NOW, THEREFORE, in consideration of the mutual covenants herein
contained and other good and valuable consideration, the receipt whereof is
hereby acknowledged, the parties hereto agree as follows:
1. Appointment.
The Adviser hereby appoints the Sub-Adviser to act as investment
sub-adviser to the Master Portfolios for the period and on the terms set forth
in this Agreement. The Sub-Adviser accepts such appointment and agrees to
furnish the services herein set forth for the compensation herein provided.
2. Services of Sub-Adviser.
Subject to the oversight and supervision of the Adviser and the Trust's
Board of Trustees, the Sub-Adviser will provide a continuous investment program
for all of the assets of the Master
Portfolios, or for such portion of the assets of the Master Portfolios as the
Adviser may determine from time to time, including investment research and
management with respect to all securities and investments, and except for such
cash balances of the Master Portfolios as may, from time to time, be managed by
the Adviser. Subject to the terms of this Agreement, the Sub-Adviser will
determine from time to time what securities and other investments will be
purchased, retained or sold by the Master Portfolios.
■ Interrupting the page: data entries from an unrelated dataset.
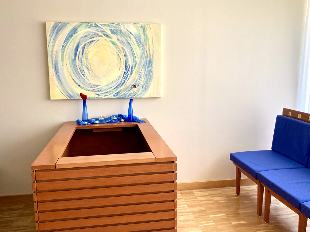 Leider kann nicht allen kranken Kindern geholfen werden. Die Olgäle-Stiftung hat deshalb für trauernde Angehörige einen hell gestalteten Abschiedsraum direkt vor Ort im Olgäle eingerichtet. Hier können sie in geschütztem Rahmen trauern und Abschied nehmen.
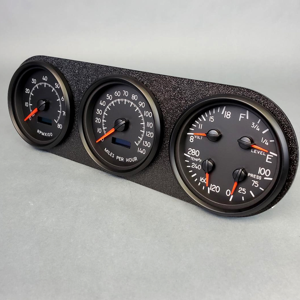 Quad gauge 4-3/8" mounting hole with Fuel (programmable inputs see manual for details) temperature, pressure and vehicle voltage
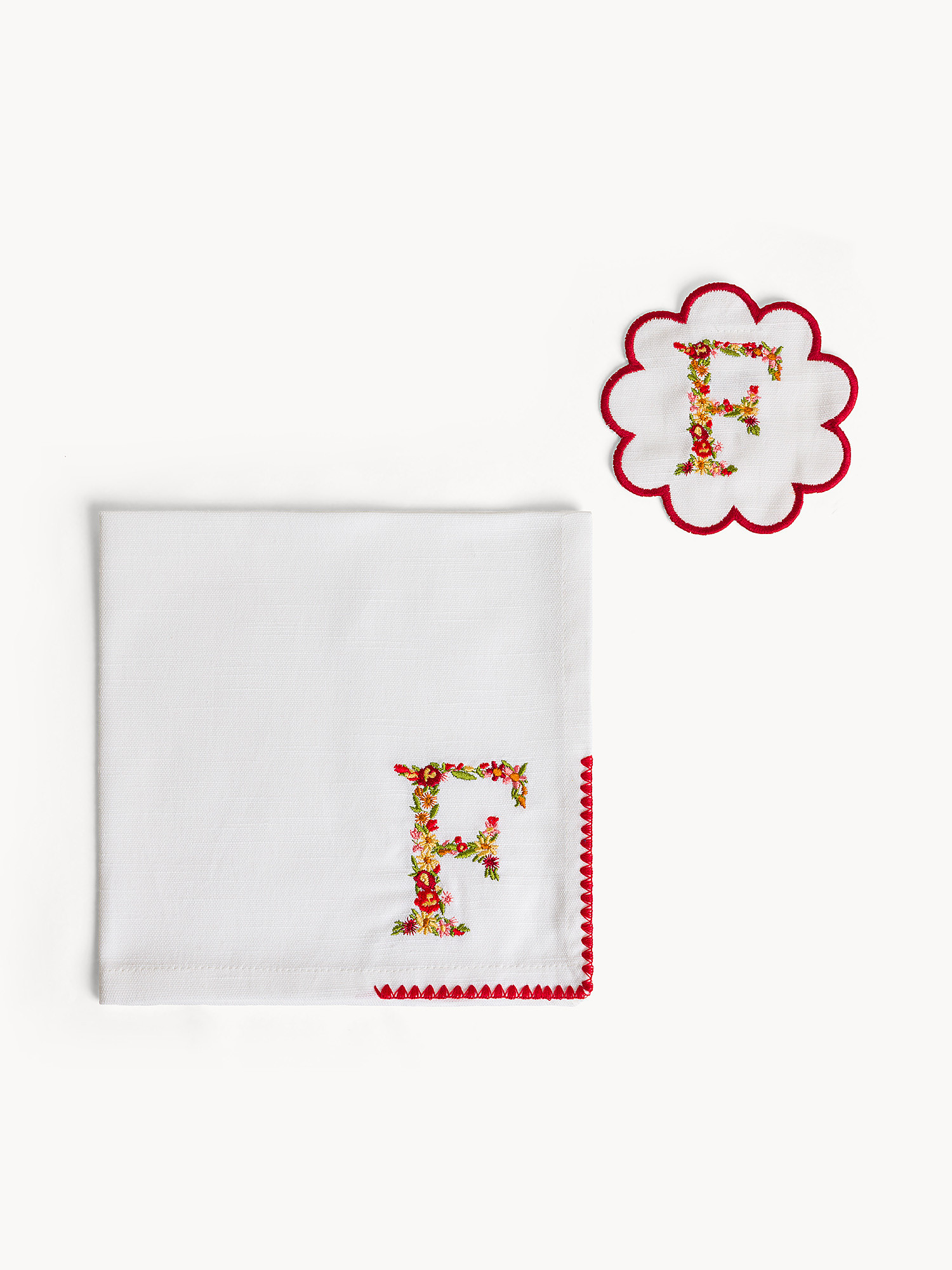 Set tovagliolo e sottobicchiere lettera ricamata F
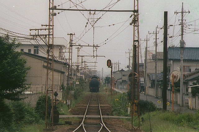 中央前橋から戻ってきたデハ101は「貨物」の運板を出していた。一旦西桐生方面のホームに停車後、側線のタキ2両と連結し、貨物電車が組成された。貨物電車が西桐生方面に向かって発車するのを見送って、8:52三俣駅発。県道からR17へ八木原駅に向かう。 |
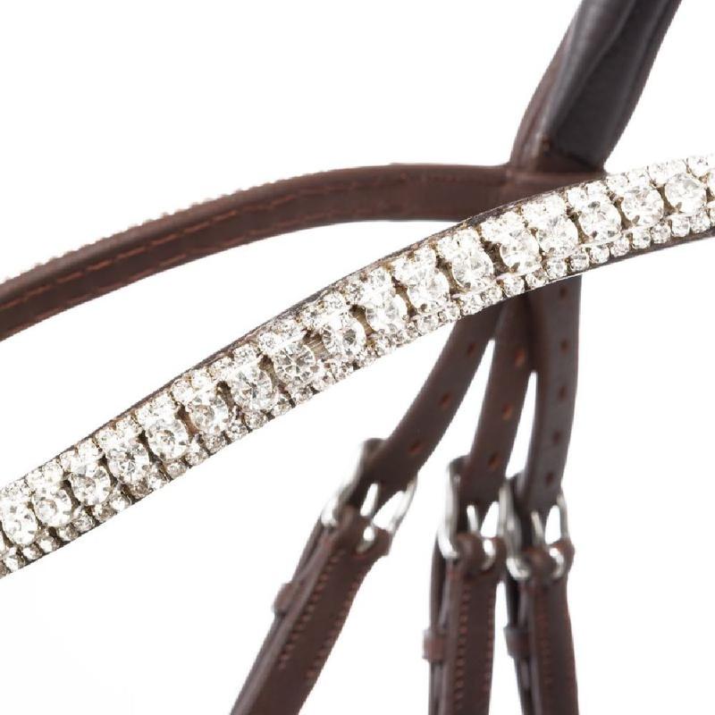 Nachrapnik z eleganckimi skórzanymi elementami po bokach. Naczółek z mniejszymi i większymi cyrkoniami w białym kolorze. Dzięki czemu pod wpływem światła bardzo ładnie się mieni.
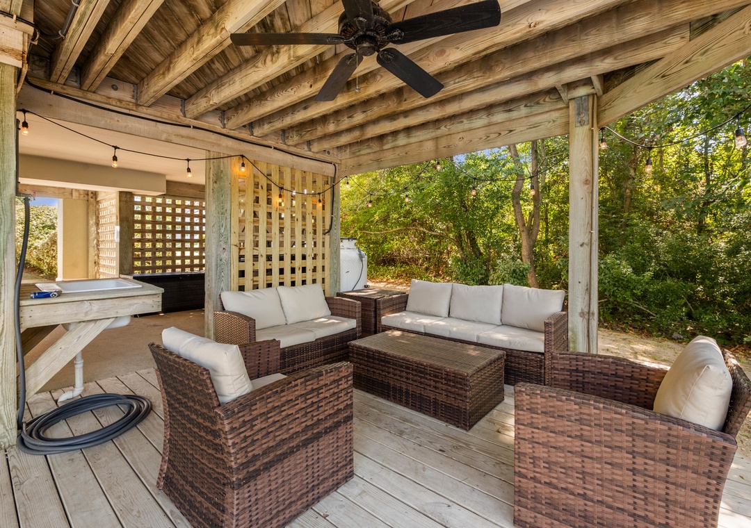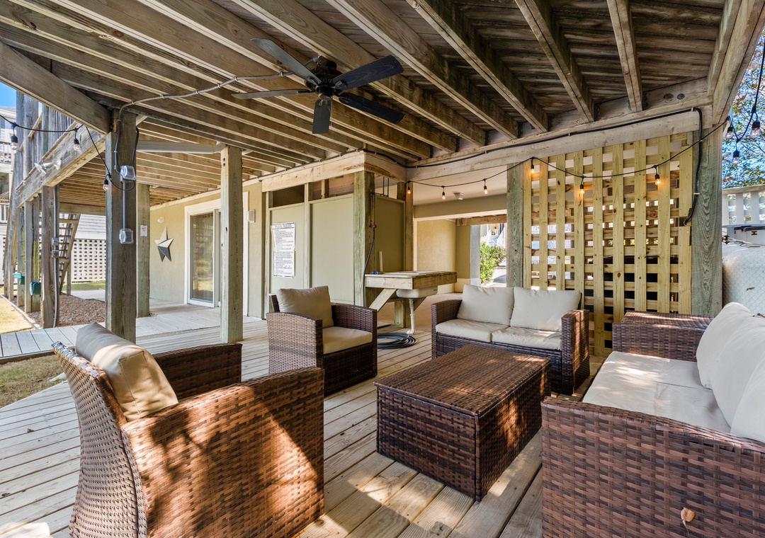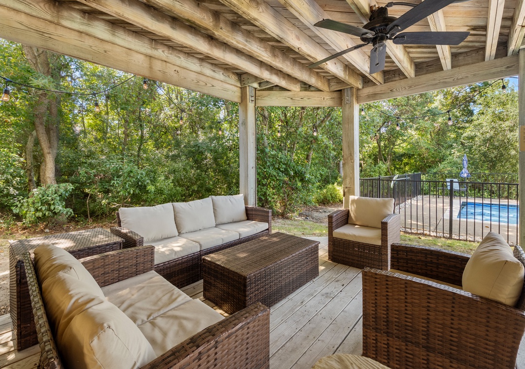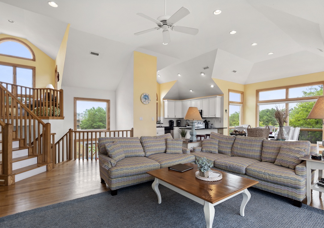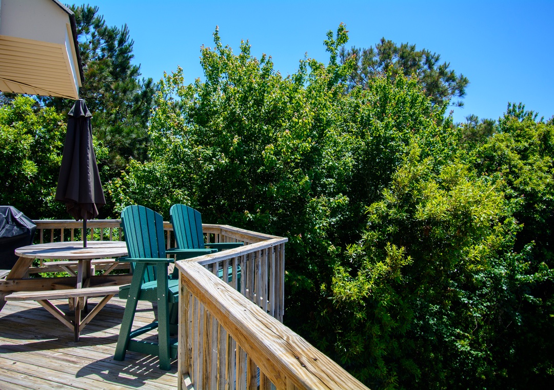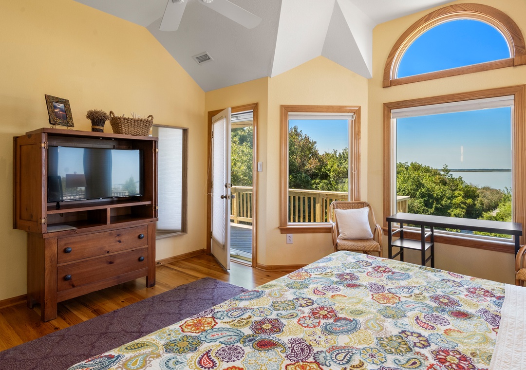 On the sound-front in Monteray Shores you'll find Harvest Moon, a gorgeous 5 bedroom home offering breathtaking views of the Currituck Sound. Featuring a private saltwater pool, hot tub, and all you need for a great beach vacation. The private pier, surrounded by mature vegetation, allows for easy fast access to the water making this pet-friendly home perfect for the water enthusiast. So, don't forget your kayak and paddleboard! The pier offers a peaceful place to unwind with your favorite drink as you take in the beautiful sunset and tranquility after a long day of vacation fun.
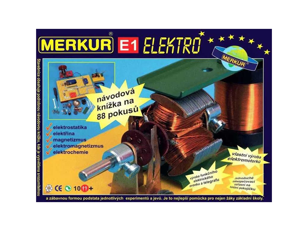 Stavebnice generací – MERKUR kovová stavebnice českého výrobce. Merkur elektronik E1, vhodná pro děti od 10 let, je stavebnice ideální pomůckou pro žáky ZŠ, kteří se ve škole poprvé v hodinách fyziky seznamují se základy magnetizmu a také s tím, jak vzniká elektrický proud. 88 pokusů v návodu.
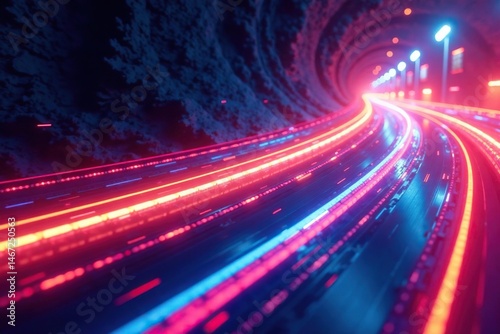 © Kraengkrai, Fototapeta premium Abstract swirls of color creating a vibrant, dynamic race track , velocity, fast, track
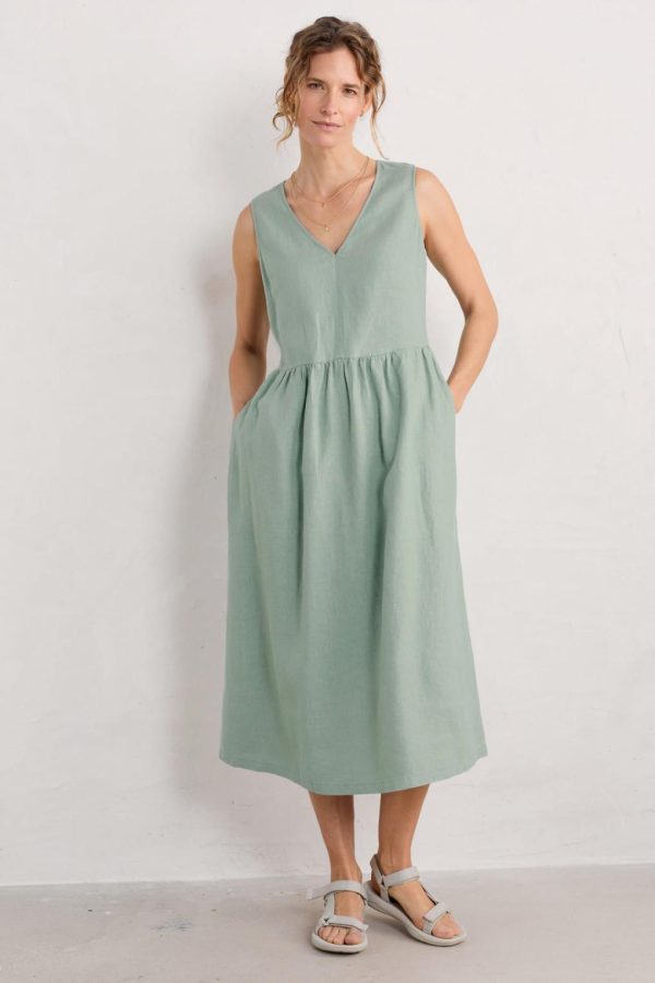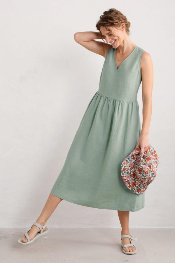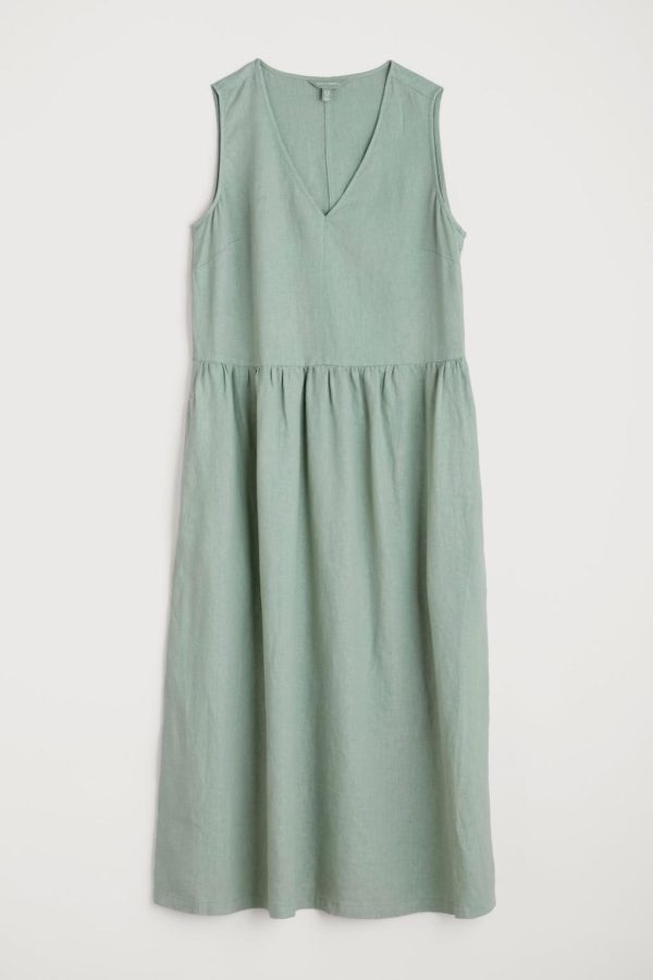 A V-neck dress you’ll find so many ways to layer and love. Darts on the bodice create a semi-fitted, but not clinging, shape, while evenly spaced gathers at the waist give a lovely, subtle volume. And we love a dress with pockets…
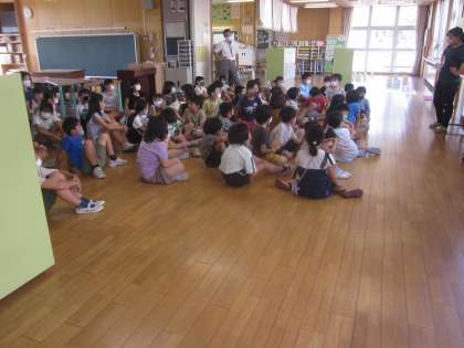 2年生は学年全体で、アリーナの正しい使い方について、互いの考えを聴き合っていました。
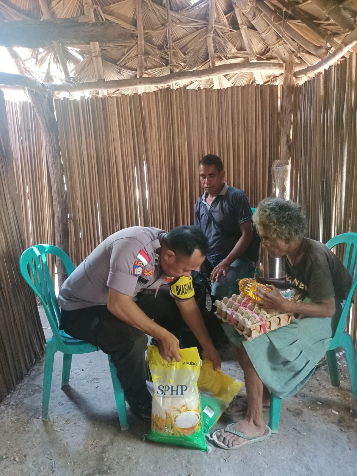 Seorang nenek lansia paru baya Marlince Benu (84) warga Rt 017 Rw 006 Desa Hoibeti Kecamatan Kot,olin Kab TTS akhirnya di tolong anggota Bhabinkamtibmas Polsek KiE Aiptu Ady Samadara Sabtu 04 Oktober 2025 sekira pukul 09:30 Wita tadi pagi sebagai upaya kepedulian kasih Polri dalam membantu masyarakat tidak lepas dari peran Bhabinkamtibmas dalam menjalankan peran sebagai garda terdepan dalam membantu dan peduli terhadap sesama.
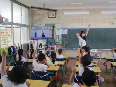 まず最初にラジオ体操を大画面の映像に合わせて各教室で行いました。久し振りにする子ども達もいましたが、徐々に思い出していました。ラジオ体操の後は毎年取り組んでいるエクササイズ動画を見ながら行うトレーニングです。今日は上半身を中心とした運動でしたが、映像に合わせ、リズムよく運動していました。終わった後は「はぁ~」という声も出ていて、いいトレーニングになりました。全校体育はエクササイズやリズムジャンプや長縄など楽しく運動することを目的に計画的に進めていきます。

The Sub-Adviser will
provide the services rendered by it under this Agreement in accordance with the
investment criteria and policies established from time to time for the Master
Portfolios by the Adviser, the Master Portfolios' investment objectives,
policies and restrictions as stated in the Prospectus(es) and Statement(s) of
Additional Information for the Master Portfolios, the operating policies and
procedures of the Master Portfolios, and resolutions of the Master Portfolios'
Board of Trustees (in each such case, to the extent such items are delivered in
writing to the Sub-Adviser). The Sub-Adviser shall not be responsible for the
administrative affairs of the Trust including, but not limited to, portfolio
accounting and pricing of the Trust's shares.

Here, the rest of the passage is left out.